▶ _Exercise brief_: Copy the data that appears below exactly. Drop the pictures.

▶ _Supplied data_:
^^^^^^^^^^^^^^^^

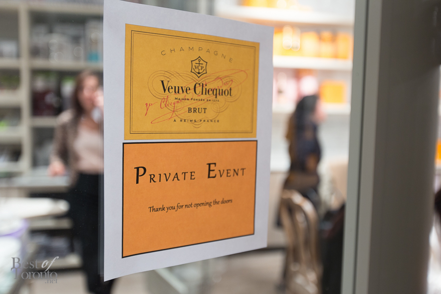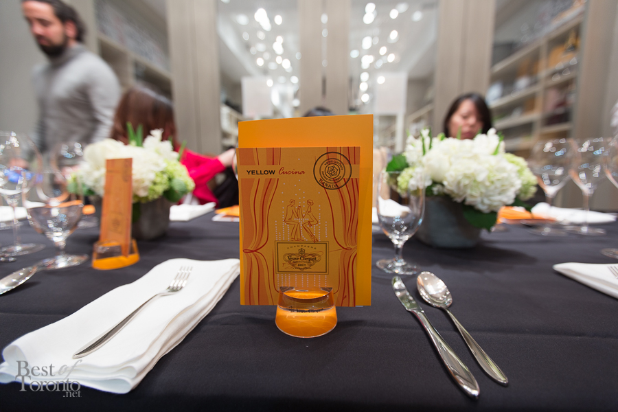 I was lucky to be invited to the intimate preview of Yelloweek entitled “Yellow CUCINA”, an exclusive tasting of 4 varieties of Veuve Clicquot paired with delicious bites by Chef Romain Avril of La Societe. It was an incredible experience in the back of the retail store of Teatro Verde at Bayview Village.
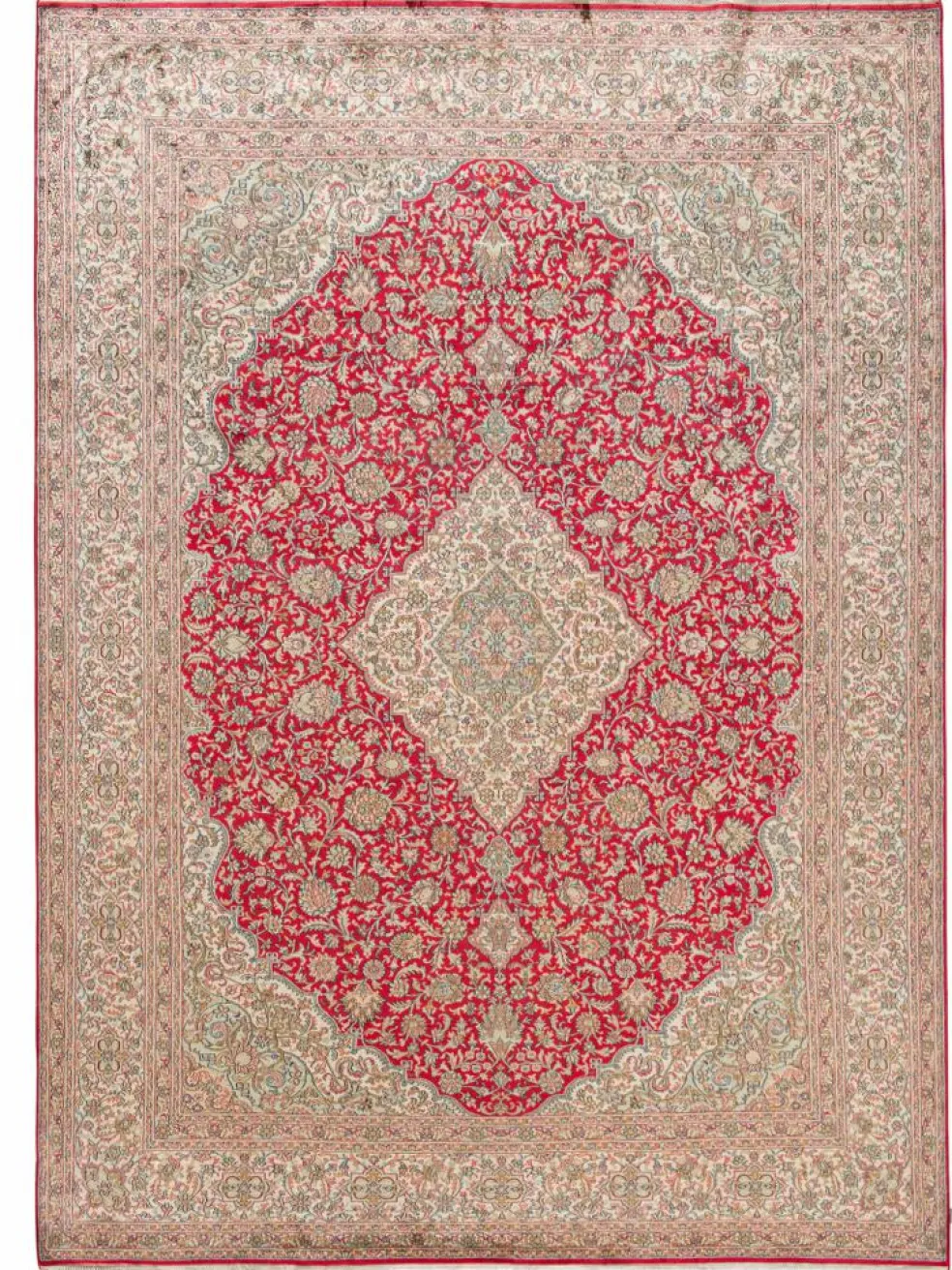 -Teppiche sind eher zurückhaltend, die Muster nach wie vor sehr stark persisch beeinflusst. Florale Motive und das persischeFeldermuster
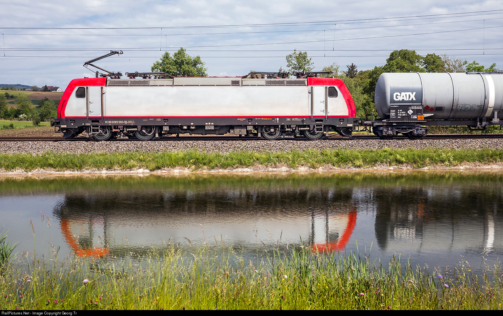 | Bombardier TRAXX F140 AC2 185 # 593 of the Beacon Rail Leasing Ltd., London (BRLL), built in 2008 and rented to the austrian LTE (Logistik und Transport Gmbh, Graz), is pulling the loaded gasolin train 69637 for the Eisenbahndienstleister Gmbh (EDG) from Buchs (SG) via St.Margrethen-Romanshorn VL to Winterthur freight yard (then to Schwarzenbach) along the pond at Riedt near Erlen. |

^^^^^^^^^^^^^^^^

▶ _Task output_:
 I was lucky to be invited to the intimate preview of Yelloweek entitled “Yellow CUCINA”, an exclusive tasting of 4 varieties of Veuve Clicquot paired with delicious bites by Chef Romain Avril of La Societe. It was an incredible experience in the back of the retail store of Teatro Verde at Bayview Village.
 -Teppiche sind eher zurückhaltend, die Muster nach wie vor sehr stark persisch beeinflusst. Florale Motive und das persischeFeldermuster
 | Bombardier TRAXX F140 AC2 185 # 593 of the Beacon Rail Leasing Ltd., London (BRLL), built in 2008 and rented to the austrian LTE (Logistik und Transport Gmbh, Graz), is pulling the loaded gasolin train 69637 for the Eisenbahndienstleister Gmbh (EDG) from Buchs (SG) via St.Margrethen-Romanshorn VL to Winterthur freight yard (then to Schwarzenbach) along the pond at Riedt near Erlen. |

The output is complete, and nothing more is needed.